Supplied material –
--------

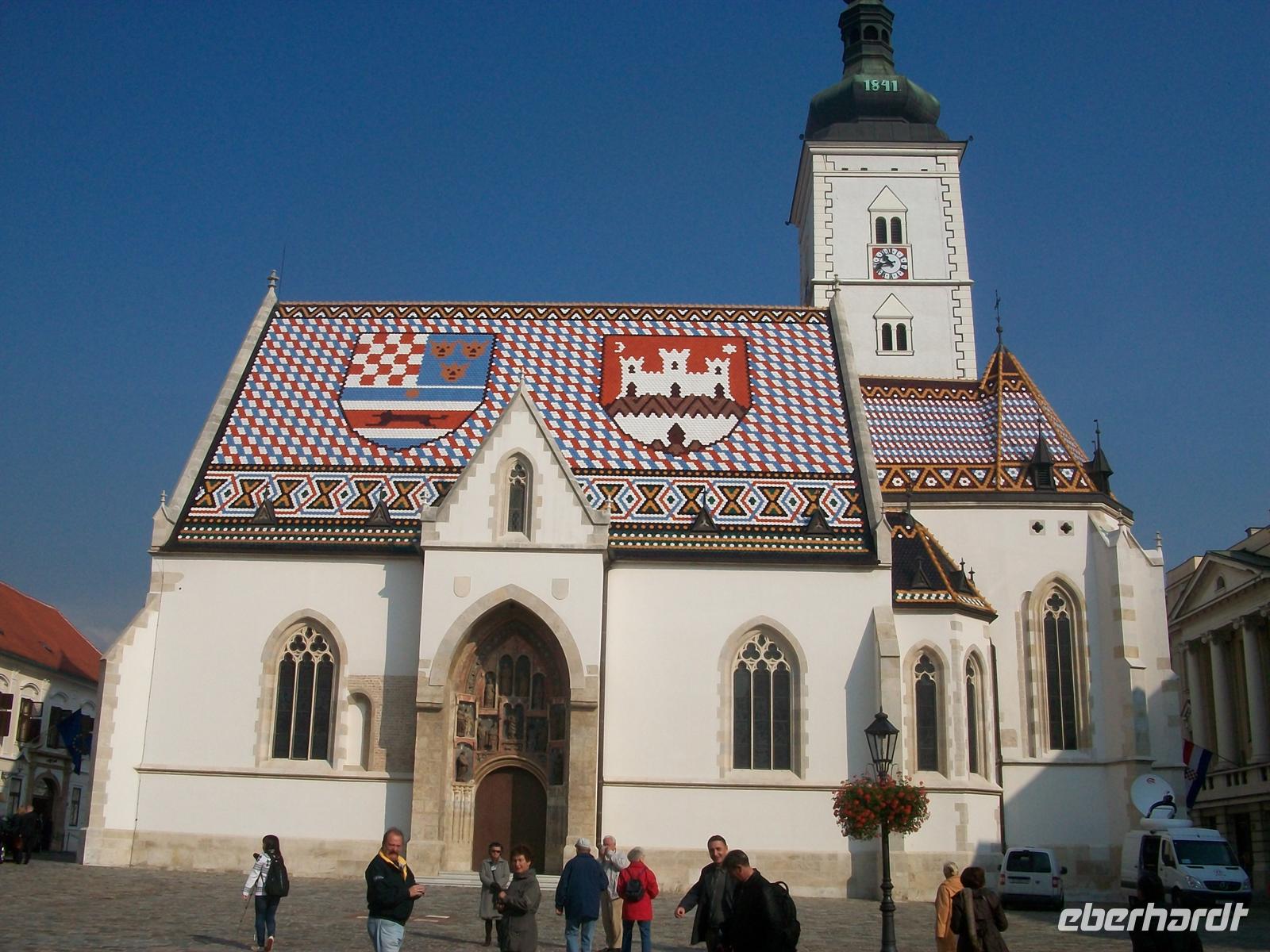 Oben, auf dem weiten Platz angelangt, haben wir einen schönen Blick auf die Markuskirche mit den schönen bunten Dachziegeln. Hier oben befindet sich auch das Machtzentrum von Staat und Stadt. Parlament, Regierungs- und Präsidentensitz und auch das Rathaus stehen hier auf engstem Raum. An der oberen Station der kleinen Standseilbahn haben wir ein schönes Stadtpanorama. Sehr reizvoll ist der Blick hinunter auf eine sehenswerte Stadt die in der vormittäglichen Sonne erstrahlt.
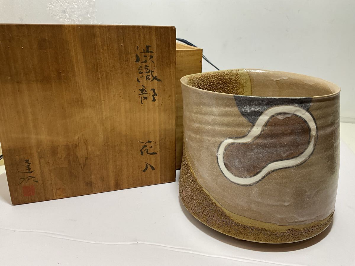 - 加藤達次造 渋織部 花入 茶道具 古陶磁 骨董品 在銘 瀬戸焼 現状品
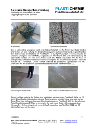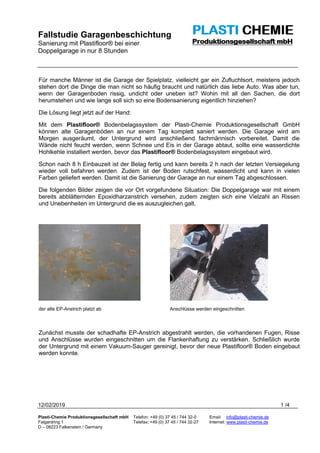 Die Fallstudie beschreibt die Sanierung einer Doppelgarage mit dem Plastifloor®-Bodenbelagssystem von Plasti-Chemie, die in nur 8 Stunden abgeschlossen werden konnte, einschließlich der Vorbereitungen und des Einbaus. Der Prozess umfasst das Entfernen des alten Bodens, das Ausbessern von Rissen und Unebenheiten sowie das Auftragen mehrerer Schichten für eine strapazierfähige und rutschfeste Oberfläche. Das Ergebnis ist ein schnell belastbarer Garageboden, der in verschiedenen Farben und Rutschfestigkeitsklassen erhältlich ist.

--------

Brief – Begin at the first line of the data above and repeat each line exactly, stopping after the line containing "- 加藤達次造 渋織部 花入 茶道具 古陶磁 骨董品 在銘 瀬戸焼 現状品". Omit the pictures.

Response below –
 Oben, auf dem weiten Platz angelangt, haben wir einen schönen Blick auf die Markuskirche mit den schönen bunten Dachziegeln. Hier oben befindet sich auch das Machtzentrum von Staat und Stadt. Parlament, Regierungs- und Präsidentensitz und auch das Rathaus stehen hier auf engstem Raum. An der oberen Station der kleinen Standseilbahn haben wir ein schönes Stadtpanorama. Sehr reizvoll ist der Blick hinunter auf eine sehenswerte Stadt die in der vormittäglichen Sonne erstrahlt.
 - 加藤達次造 渋織部 花入 茶道具 古陶磁 骨董品 在銘 瀬戸焼 現状品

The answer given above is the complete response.